In späteren Stadien der Erkrankung genügt in der klinischen Praxis die Bestimmung von Kreatinin und
Harnstoff, um die Nierenfunktion abschätzen zu können: bei Serumkreatininwerten über 3 mg/dL ist
die Kreatinin-Clearance entbehrlich, da die GFR dann ohnehin unter 20 mL/min liegt. Für ein fortgeschrittenes Stadium sprechen der Nachweis einer normochromen Anämie und einer Osteopathie
mit Erhöhung der alkalischen Phosphatase sowie des Parathormons bei meist niedrigem Kalziumund erhöhtem Phosphatspiegel.
Als bildgebendes Verfahren ist die Sonographie der Niere wichtig; radiologisch können die ossären
und echokardiographisch die kardialen Veränderungen erfasst werden.
Therapie
Die konservative Behandlung der chronischen Niereninsuffizienz ist nicht unproblematisch. Sie
verfolgt drei Ziele: Therapie des Grundleidens, Progressionsverhütung der Insuffizienz sowie Behandlung von Symptomen und Komplikationen.

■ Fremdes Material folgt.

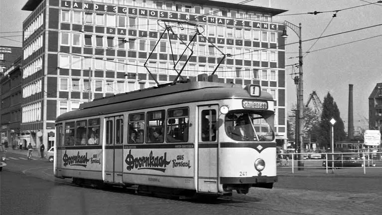 Im September 1961 rauscht der neue Großraumwagen auf der Linie 1 vor dem Neubau des Raiffeisenhauses durch das Sophienblatt zur „Doppelhaltestelle“ Hauptbahnhof, an der vier Straßenbahnlinien hielten. Im Hintergrund rechts im Bild, ist in der Auguste-Viktoria-Straße noch ein Wagen der Linie 7 zu erkennen, die hier ihren Endpunkt hatte.

Die Therapie des Grundleidens kann sich z.B. auf metabolische, immunologische und vaskuläre
Aspekte konzentrieren, aber ggf. auch darin bestehen, bei Analgetika-Nephropathie den Schmerzmittelmissbrauch zu unterbinden. Der fortschreitende Verlust des Nierenparenchyms kann zwar nicht
verhindert, die Progredienz aber verlangsamt werden. Dem dienen die Therapie der arteriellen
Hypertonie und eine konsequent proteinarme Diät (0.8 g Eiweiß/kg Körpergewicht pro Tag).

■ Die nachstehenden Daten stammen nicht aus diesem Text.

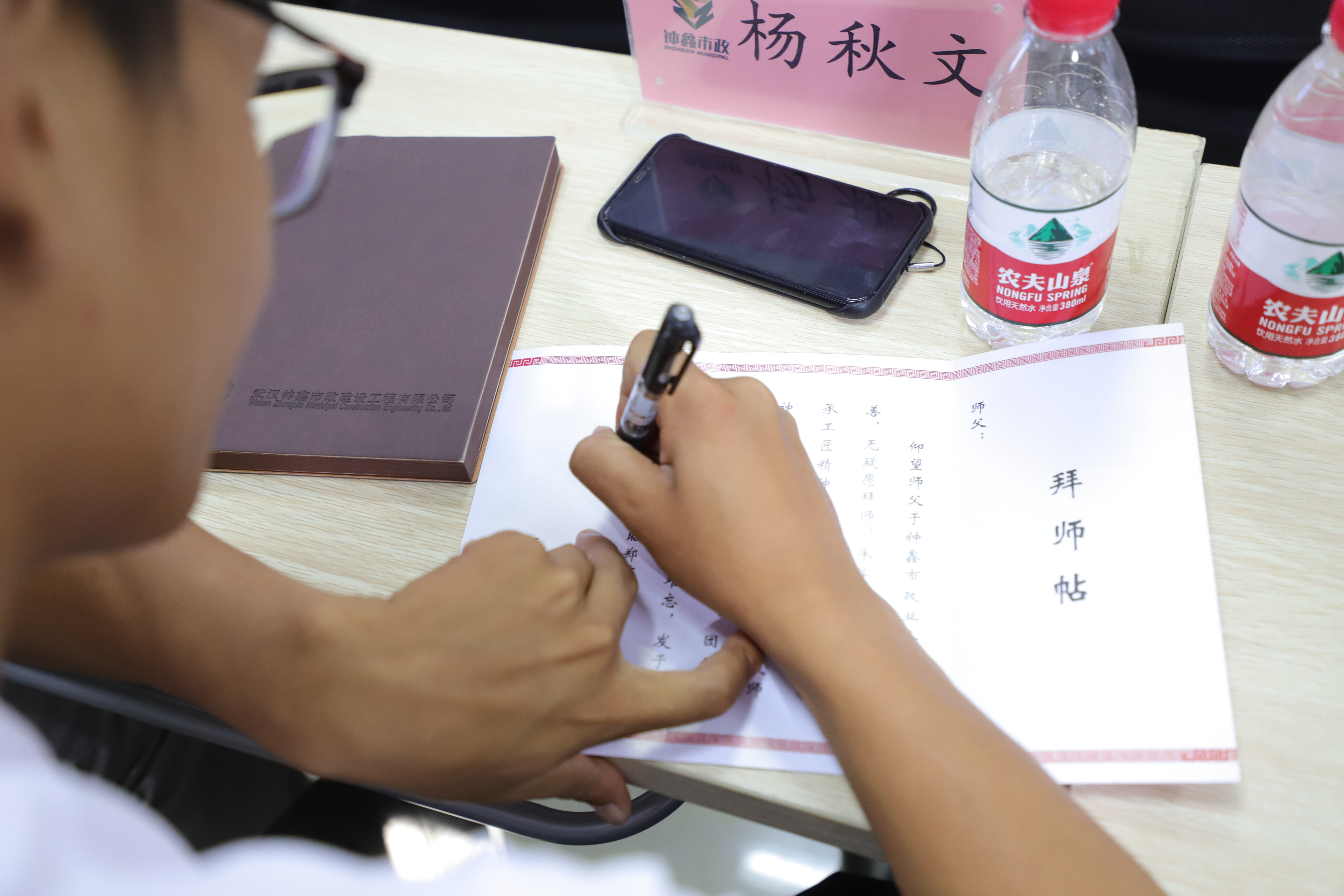 全體師徒進(jìn)行鄭重宣誓。新員工將以師父為榜樣,虛心求教,積極進(jìn)取,認(rèn)真學(xué)習(xí),尊重師父,用心聆聽師父的諄諄教導(dǎo),不辜負(fù)師父的教導(dǎo)和寄托,提高自己的能力,升華自己的人生價值,為鐘鑫公司的美好未來,奉獻(xiàn)一切!作為新員工的師父,在工作中將毫無保留與徒弟們交流工作經(jīng)驗(yàn),在徒弟們遇到困難時,及時給予真誠的關(guān)心和幫助,攜手前進(jìn),共同成長,共同創(chuàng)造鐘鑫公司的美好未來!

Schwerpunkte bei der Behandlung von Komplikationen und Symptomen sind üblicherweise die
Regulierung des Wasser- und Elektrolythaushalts und die medikamentöse Therapie der Osteopathie,
etwa durch Kalziumcarbonat, das neben der intestinalen Phosphatbindung die Kalziumbilanz bei
Urämie verbessert sowie die Gabe von rekombinantem Erythropoietin s.c. bei Anämie.
In weiter fortgeschrittenen Stadien treten Nierenersatzverfahren in den Vordergrund (Hämodialyse,
Peritonealdialyse, Nierentransplantation).